TASK DIRECTIONS =
Beginning with the line that holds "A nappali közvetlen" and finishing with the line that holds "- Queen Black", repeat the listing exactly, leaving every picture out.

THE RECORDS =

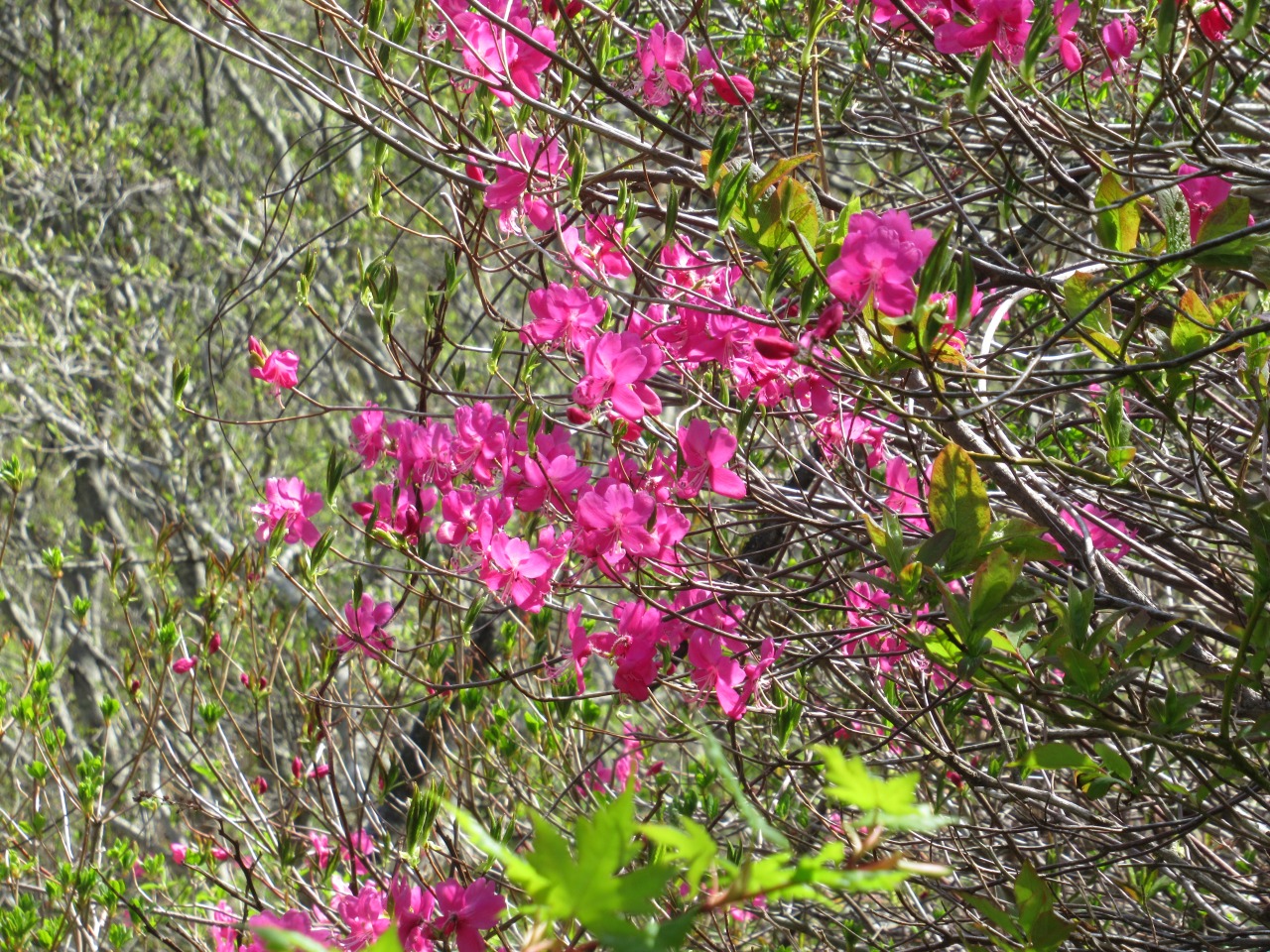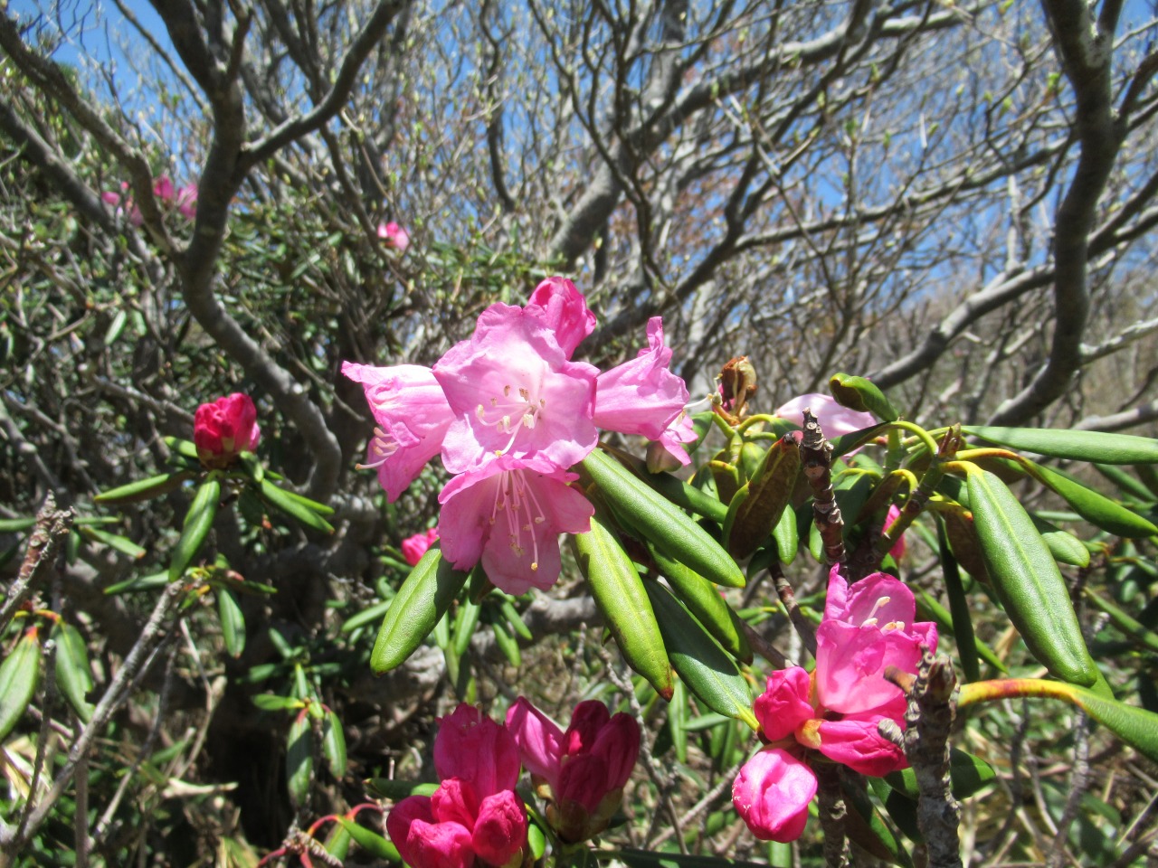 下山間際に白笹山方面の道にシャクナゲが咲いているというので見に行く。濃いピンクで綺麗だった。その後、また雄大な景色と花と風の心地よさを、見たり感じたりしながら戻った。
---
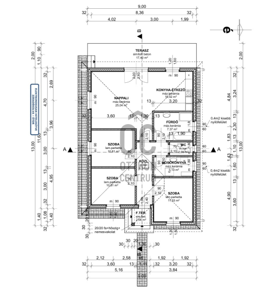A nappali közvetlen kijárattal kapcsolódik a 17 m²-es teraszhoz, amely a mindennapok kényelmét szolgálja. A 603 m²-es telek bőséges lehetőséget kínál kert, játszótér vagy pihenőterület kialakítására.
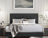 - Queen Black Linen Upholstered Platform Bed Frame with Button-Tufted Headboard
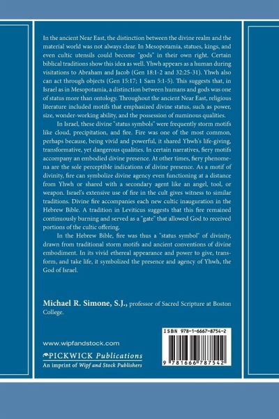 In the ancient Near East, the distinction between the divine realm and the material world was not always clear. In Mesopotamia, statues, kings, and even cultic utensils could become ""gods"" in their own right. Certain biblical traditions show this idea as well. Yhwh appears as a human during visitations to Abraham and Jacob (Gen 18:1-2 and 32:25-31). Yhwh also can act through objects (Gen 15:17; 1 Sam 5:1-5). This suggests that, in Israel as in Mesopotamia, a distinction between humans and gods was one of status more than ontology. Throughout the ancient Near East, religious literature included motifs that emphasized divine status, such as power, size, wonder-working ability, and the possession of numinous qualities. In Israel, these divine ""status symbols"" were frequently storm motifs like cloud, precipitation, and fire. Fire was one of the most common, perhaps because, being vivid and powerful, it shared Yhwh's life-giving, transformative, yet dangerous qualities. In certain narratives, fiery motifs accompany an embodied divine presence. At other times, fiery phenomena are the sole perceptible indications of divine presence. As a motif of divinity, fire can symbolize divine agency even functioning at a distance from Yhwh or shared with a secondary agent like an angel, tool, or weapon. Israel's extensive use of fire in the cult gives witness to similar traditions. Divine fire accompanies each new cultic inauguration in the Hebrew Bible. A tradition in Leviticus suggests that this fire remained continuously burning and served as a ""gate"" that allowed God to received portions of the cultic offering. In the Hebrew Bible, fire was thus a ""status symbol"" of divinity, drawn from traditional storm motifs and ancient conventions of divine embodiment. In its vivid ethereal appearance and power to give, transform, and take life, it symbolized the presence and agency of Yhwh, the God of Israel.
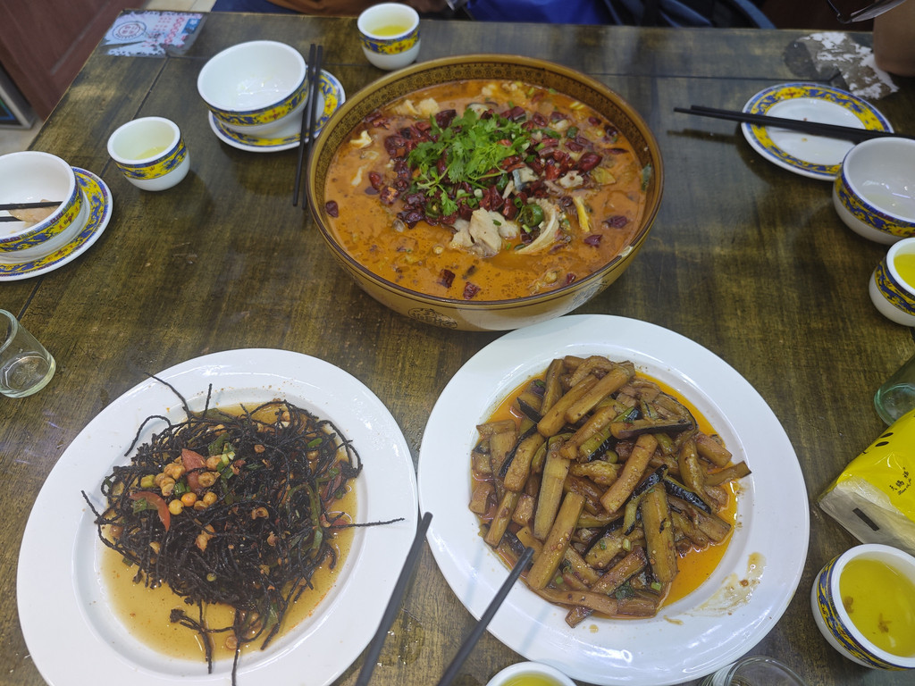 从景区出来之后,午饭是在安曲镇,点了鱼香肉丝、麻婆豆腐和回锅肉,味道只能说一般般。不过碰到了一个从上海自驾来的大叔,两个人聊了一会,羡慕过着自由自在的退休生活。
* * *
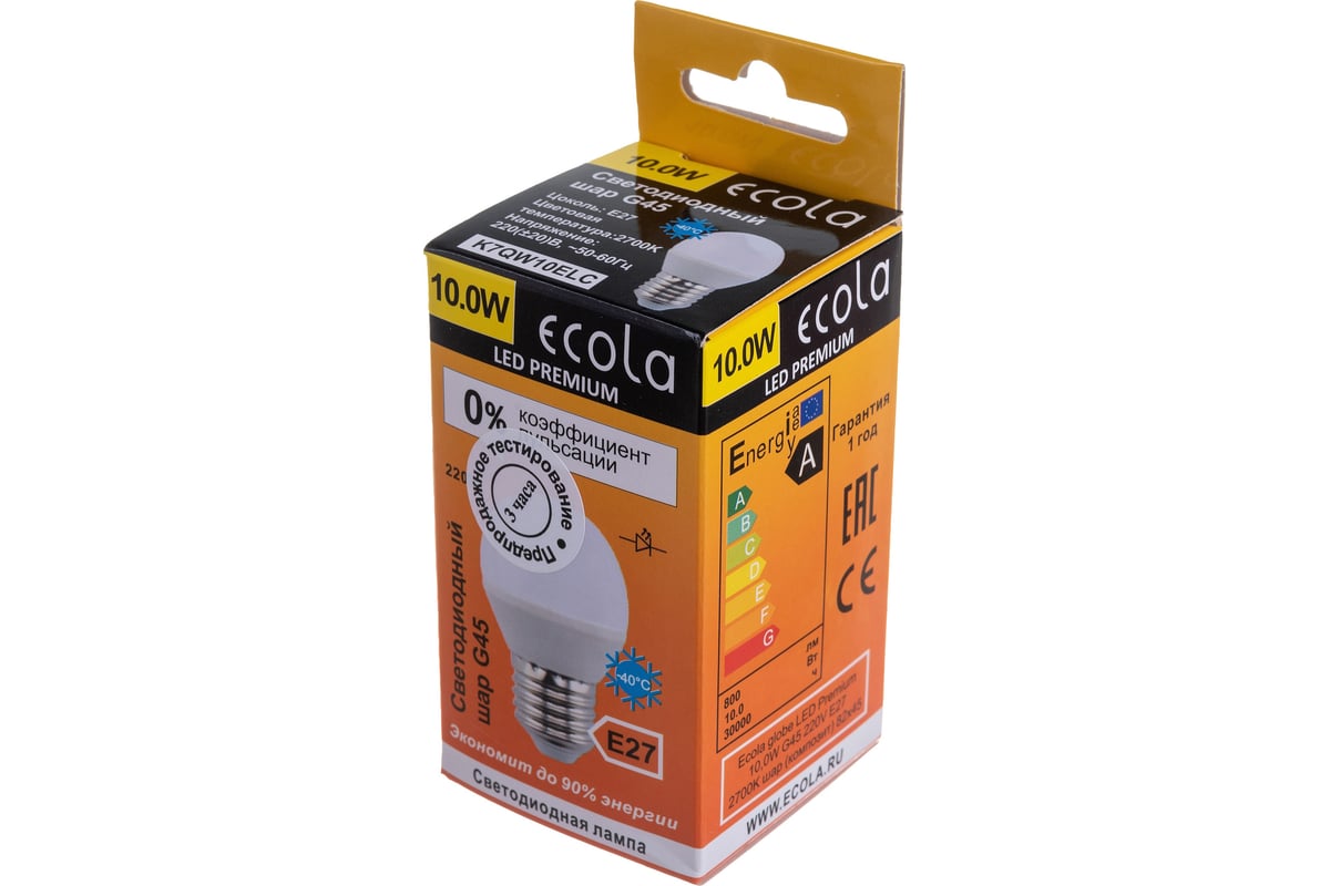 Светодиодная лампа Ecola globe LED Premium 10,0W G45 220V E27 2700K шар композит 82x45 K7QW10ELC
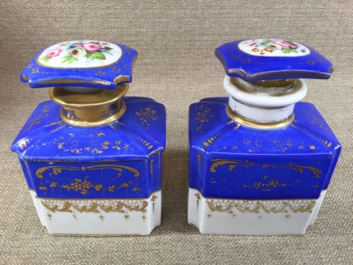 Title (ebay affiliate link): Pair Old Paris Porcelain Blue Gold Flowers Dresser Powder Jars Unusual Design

RESULT =
A nappali közvetlen kijárattal kapcsolódik a 17 m²-es teraszhoz, amely a mindennapok kényelmét szolgálja. A 603 m²-es telek bőséges lehetőséget kínál kert, játszótér vagy pihenőterület kialakítására.
 - Queen Black Linen Upholstered Platform Bed Frame with Button-Tufted Headboard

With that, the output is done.